• 376
    bazen öyle maçlar olur ki; kazanmak üç puandan öte anlamlar taşır. son dönemde sıkça önemine vurgu yapıldığını gördüğümüz bir tespit var futbolda: ''omurgan iyi oyunculardan kurulu olacak''

    galatasaray'ın sene başında oluşturduğu kadronun omurgasını oluşturan maicon ceza, fernando ve gomis sakatlık, belhanda ise tercih sebebiyle kadroda yoktu. rakip ise hem içerde hem dışarda karşısındaki takıma zorluk çıkartacak kayserispor'du. buraya kadar her şey maç öncesi akıllarda olan ve ekran başına endişe ile oturulmasına sebep olacak doneleri içerisinde barındıran bilgilerdi.

    klişe gibi gözükecek ancak herhangi bir yabancı antrenör bu veriler ışığında galatasaray'ın başında bu karşılaşmaya çıksaydı; bu işin altından kalkması çok ama çok zordu. terim; takımı yeni tanıyor ve kafasındaki oyun anlayışını yeni aşılıyor olsa da kulübü bilmek, karşılık bulacak oyun anlayışının farkında olmak ve ligi tanımak böyle anlarda çok değerli oluyor. buna ek olarak bir de taraftara ve oyunculara verilen güven kısmı var elbette. yıllar ilerleyip, oyuncu karakterleri farklılaşıp, profesyonellik her geçen gün artsa da; motivasyon bu oyunun olmazsa olmazlarından. fatih terim de bunu en iyi becerenlerden olunca ortaya böyle bir tablo çıkıyor işte.

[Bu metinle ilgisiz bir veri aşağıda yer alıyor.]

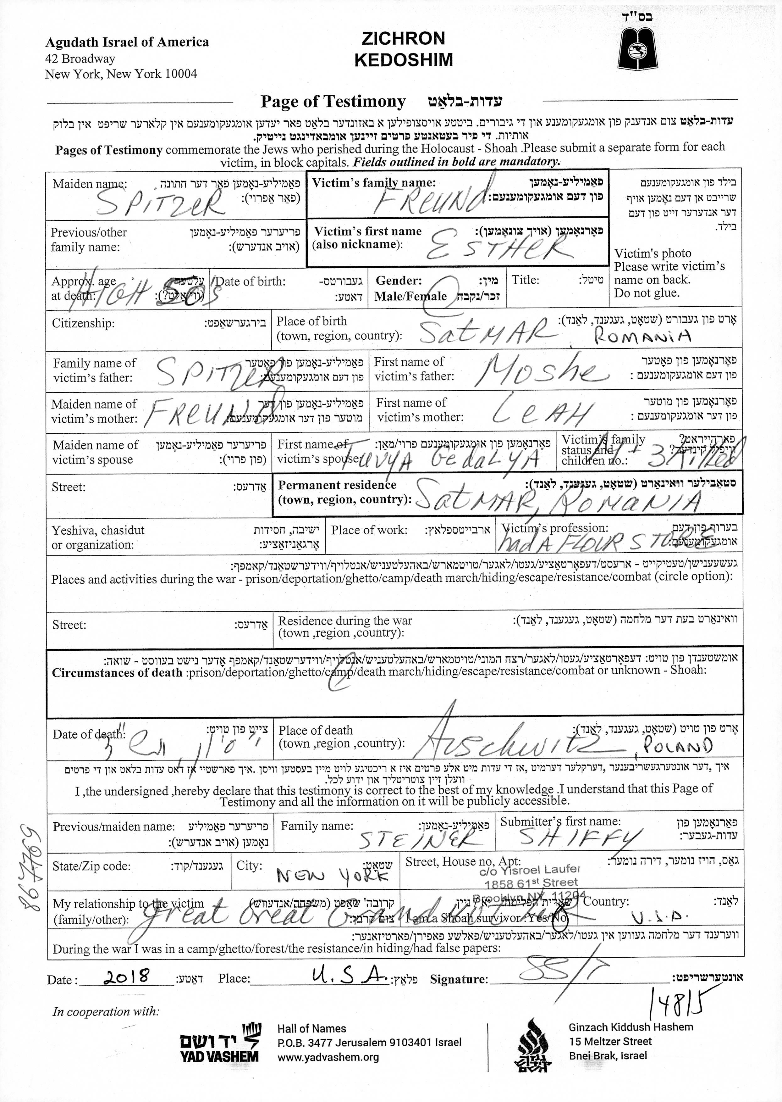 Freind Ester Satu Mare, Rumänien Aufzeichnungen ueber ermordete Personen

    tüm bu saha dışı faktörlere bir de fatih terim'in oyunu çok iyi okuyuşu, yaptığı değişiklikler ve taktiksel hamleler eklenince kayserispor gibi sert bir deplasmandan galip dönüp, diğer herkese mesaj vermek de mümkün oluyor.

    maç içerisinde birden çok kırılma anı mevcut ancak hocanın kısa sürede art arda yaptığı değişikliklerle rakibin hızını kesmesi, yorulan orta sahaya tolga ile dinamizm getirmesi yoğun baskı yiyen galatasaray'ı, topu yeniden daha fazla kullanır hale getirdi. ''çılgın'' sumudica'nın delilik ve dahilik arasındaki ince çizgide sapunaru-gyan değişikliği ile deliliği seçmesi, galatasaray'a maçı getiren kontrol dışı hamlelerden biri oldu.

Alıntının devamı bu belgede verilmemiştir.